START SUPPLIED DATA

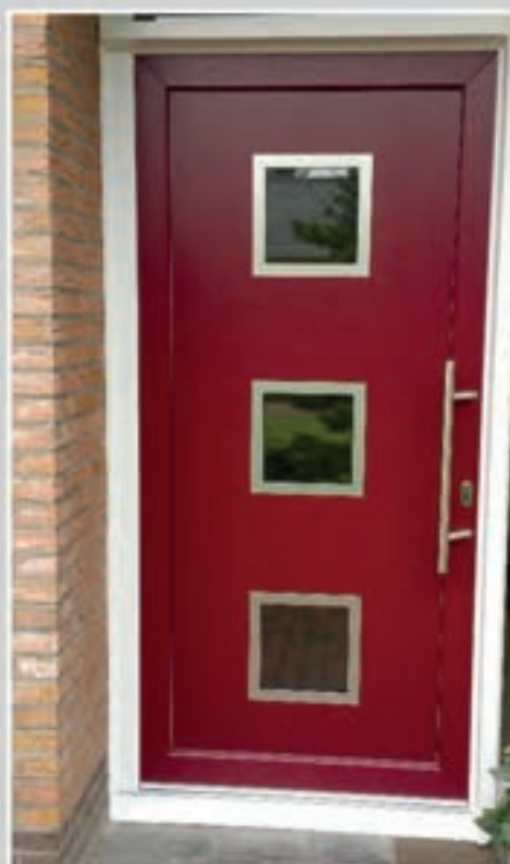
S.17 | Juna • Glas: Helder • Ornamenten in Alunox-RVS-lock
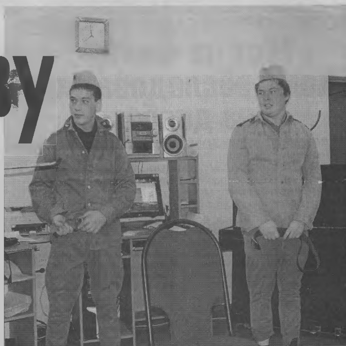
◆ Форма - к лицу.

Запомните: в армии забывают слабых и неумелых. Так же, как в школе, в институте... А гибнут ребята из-за своей лени, нерасторопности, недисциплинированности. Нужно соблюдать меры безопасности и не совершать самовольных поступков. Живите по уставу. Строгих и справедливых вам командиров! Если такие будут, значит, будет порядок. Самое главное - вернитесь домой здоровыми.
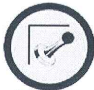
Početak zone Žuta
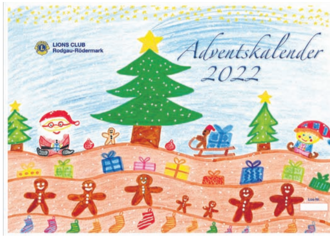
Kalenderansicht des letzten Jahres.

Rodgau (RZ) Die Herbstferienspiele des JSK Rodgau finden vom 24. bis 28. Oktober statt. Die Anmeldungen sind auf der JSK-Website zu finden, und können in der Geschäftsstelle im Ostring 18 abgegeben oder per E-Mail ( ferienspiele@jsk-rodgau.de ) geschickt werden. Unter dieser E-Mail Adresse werden auch Fragen geklärt

END SUPPLIED DATA

Excluding pictures, copy exactly the lines from the line containing "Форма - к лицу." through the last line of the data, inclusive.

◆ Форма - к лицу.

Запомните: в армии забывают слабых и неумелых. Так же, как в школе, в институте... А гибнут ребята из-за своей лени, нерасторопности, недисциплинированности. Нужно соблюдать меры безопасности и не совершать самовольных поступков. Живите по уставу. Строгих и справедливых вам командиров! Если такие будут, значит, будет порядок. Самое главное - вернитесь домой здоровыми.
Početak zone Žuta
Kalenderansicht des letzten Jahres.

Rodgau (RZ) Die Herbstferienspiele des JSK Rodgau finden vom 24. bis 28. Oktober statt. Die Anmeldungen sind auf der JSK-Website zu finden, und können in der Geschäftsstelle im Ostring 18 abgegeben oder per E-Mail ( ferienspiele@jsk-rodgau.de ) geschickt werden. Unter dieser E-Mail Adresse werden auch Fragen geklärt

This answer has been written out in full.